Record extracts:
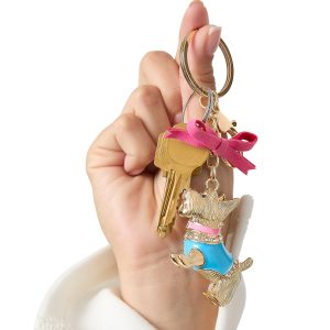 Cute and classic Juicy Couture. This goldtone keychain showcases a crystalstudded Scottie dog finished with a satin bow and textured split ring. Clip to your keys. tote or weekender for playful shine.
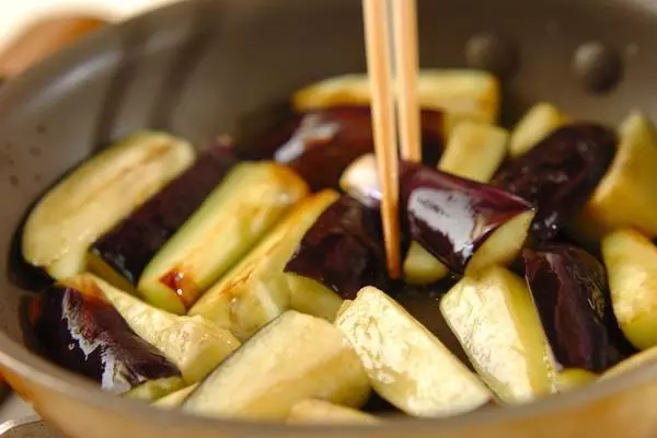 1、ナスはヘタを切り落として縦4つのくし切りにし、さらに食べやすい長さに切ってフライパンに入れ、サラダ油を多めに入れて揚げ焼きにする。
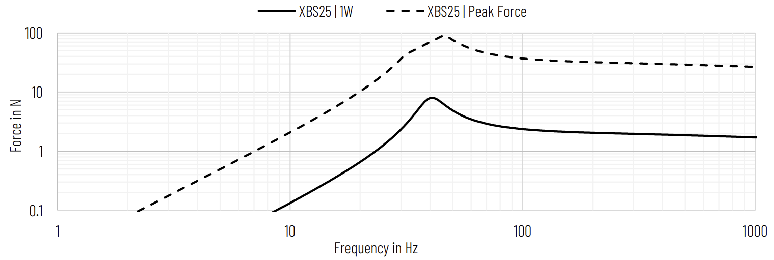 Don’t like choosing between power or size? We don’t either. The XBS25 eliminates that trade-off — delivering the full-force impact of a high-power bass shaker in just 30% of the volume. With 125W max power, ±6 mm excursion, and up to 93N peak force, the XBS25 produces low-frequency impact typically reserved for much larger, bulkier transducers| Long-term Max Power | 125 W |
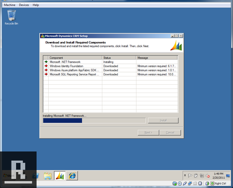 On the Download and Install Required Components, click Install. It will prompt to download components, click Yes. Pre-warning: I had this step freeze up (no installation bar and all the arrows stay red) if this happens, wait 30 minutes, kill the task, and restart from the top of this post. Once done, click Next.
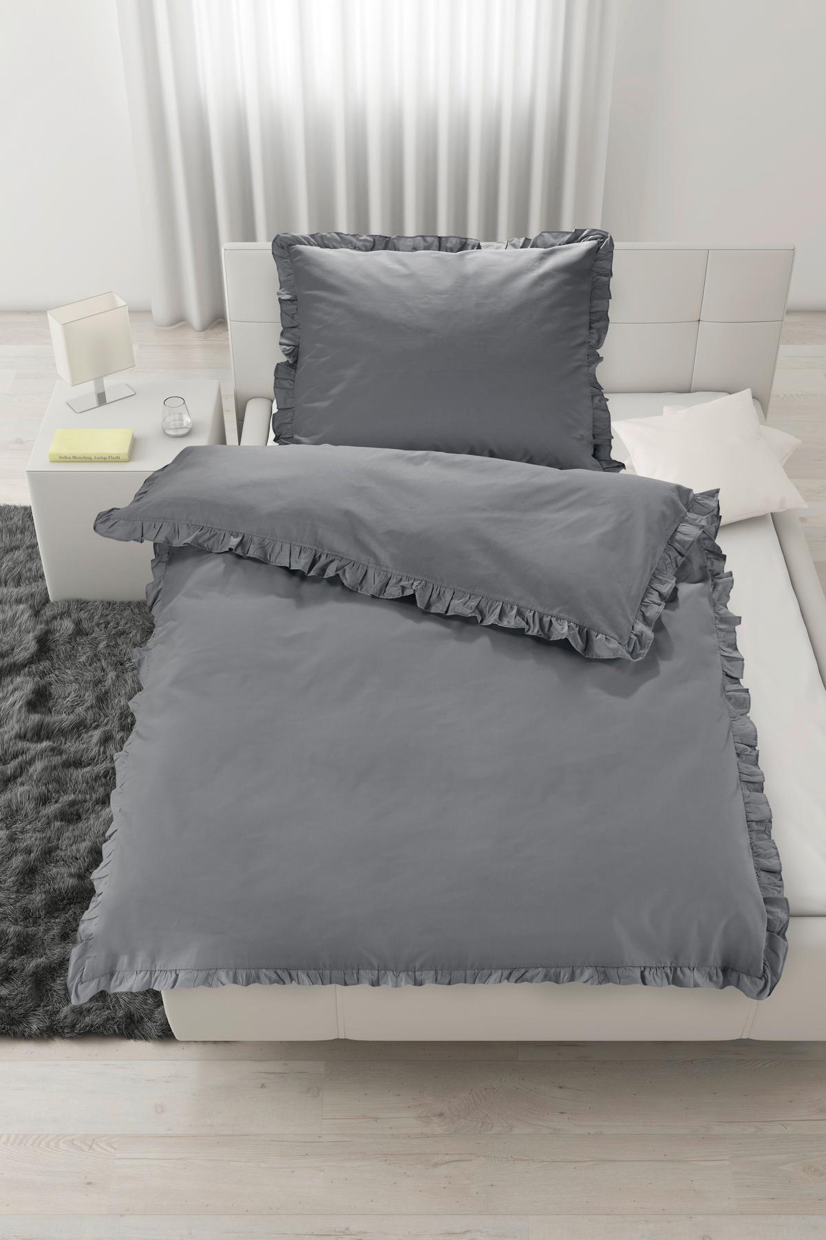 Mit dieser eleganten Bettwäsche in Grau bringen Sie ein romantisches Ambiente in Ihr Schlafzimmer. Stilechte Rüschen machen die Bettwäsche zum sicheren Blickfang.

Instructions for the task: Print the material above once more, exactly, minus the pictures.

Task solution:
 Cute and classic Juicy Couture. This goldtone keychain showcases a crystalstudded Scottie dog finished with a satin bow and textured split ring. Clip to your keys. tote or weekender for playful shine.
 1、ナスはヘタを切り落として縦4つのくし切りにし、さらに食べやすい長さに切ってフライパンに入れ、サラダ油を多めに入れて揚げ焼きにする。
 Don’t like choosing between power or size? We don’t either. The XBS25 eliminates that trade-off — delivering the full-force impact of a high-power bass shaker in just 30% of the volume. With 125W max power, ±6 mm excursion, and up to 93N peak force, the XBS25 produces low-frequency impact typically reserved for much larger, bulkier transducers| Long-term Max Power | 125 W |
 On the Download and Install Required Components, click Install. It will prompt to download components, click Yes. Pre-warning: I had this step freeze up (no installation bar and all the arrows stay red) if this happens, wait 30 minutes, kill the task, and restart from the top of this post. Once done, click Next.
 Mit dieser eleganten Bettwäsche in Grau bringen Sie ein romantisches Ambiente in Ihr Schlafzimmer. Stilechte Rüschen machen die Bettwäsche zum sicheren Blickfang.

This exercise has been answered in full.